If setting the GAIN, STC, and contrast at desired levels, the ROM 133 for STC and the ROM 134 for GAIN/contrast are exchanged and there is a problem that easy exchange is impossible.
As shown in FIG. 10, since the set values of the GAIN, STC, and contrast are indicated by the number of the lit-on LEDs constituting the indicator 141 in the operation setting unit 126, consumed current flowing to the operation setting unit 126 is increased. Therefore, design on a power source is necessary in view of the consumed power of the operation setting unit 126 on the equipment side and a problem to increase costs is caused.
The above and other objects, features and advantages of the invention will become more apparent from the following description when taken in conjunction with the accompanying drawings.
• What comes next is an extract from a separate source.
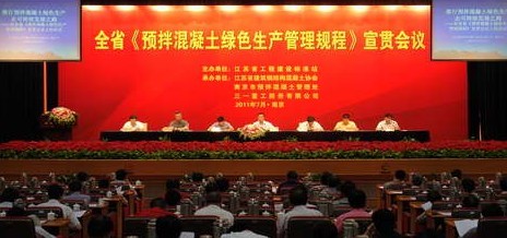 2011年4月13日,省住房和城鄉(xiāng)建設(shè)廳發(fā)布第116號公告,批準(zhǔn)《預(yù)拌混凝土綠色生產(chǎn)管理規(guī)程》為江蘇省工程建設(shè)標(biāo)準(zhǔn),自2011年6月1日起實施。為了做好規(guī)程的貫徹實施工作,經(jīng)省住房和城鄉(xiāng)建設(shè)廳同意,由江蘇省工程建設(shè)標(biāo)準(zhǔn)站主辦,江蘇省建筑鋼結(jié)構(gòu)混凝土協(xié)會、南京市預(yù)拌混凝土管理處、三一重工股份有限公司聯(lián)合承辦的全省《預(yù)拌混凝土綠色生產(chǎn)管理規(guī)程》宣貫會議于2011年7月27日在南京召開。各省轄市建設(shè)主管部門的分管領(lǐng)導(dǎo)和有關(guān)處室負(fù)責(zé)人,環(huán)境保護、散裝水泥主管部門的相關(guān)領(lǐng)導(dǎo),大中型預(yù)拌混凝土企業(yè)主要負(fù)責(zé)人,以及各級混凝土行業(yè)協(xié)會組織負(fù)責(zé)人近300人出席了會議。

It is one object of the present invention to provide an ultrasonic diagnostic apparatus and an ultrasonic diagnostic method capable of adjusting gain and contrast with low costs both in the live state and in the freeze state.
It is another object of the present invention to provide an ultrasonic diagnostic apparatus capable of arbitrarily changing the setting of a dynamic range on software by changing table data.
It is further another object of the present invention to provide an ultrasonic diagnostic apparatus capable of adjusting the dynamic range of any desired frame with low costs by using a computer without providing a dedicated hardware.
According to the present invention, there is provided an ultrasonic diagnostic apparatus which comprises an echo signal adjust unit which can adjust gain or a dynamic range of an ultrasonic echo signal which is obtained by transmitting and receiving an ultrasonic wave to/from a body;
an input unit which inputs a parameter for adjusting the gain or dynamic range;
an image processing unit which processes the ultrasonic echo signal which is adjusted by the echo signal adjust unit, thereby obtaining ultrasonic image data;
a storing unit which stores the ultrasonic image data;
a calculating unit which reads the ultrasonic image data from the storing unit and performs a predetermined calculation of the ultrasonic image data; and
an adjust unit which adjusts the echo signal adjust unit to adjust the gain or dynamic range based on the parameter inputted by the input unit when the parameter is inputted by the input unit during transmitting and receiving the ultrasonic wave and controls the calculating unit to read the ultrasonic image data from the storing unit for calculating the gain or dynamic range of the read ultrasonic image data based on the parameter inputted by the input unit when the parameter is inputted by the input unit during not transmitting and receiving the ultrasonic wave.
Other features and advantages of the present invention will appear more fully from the following description.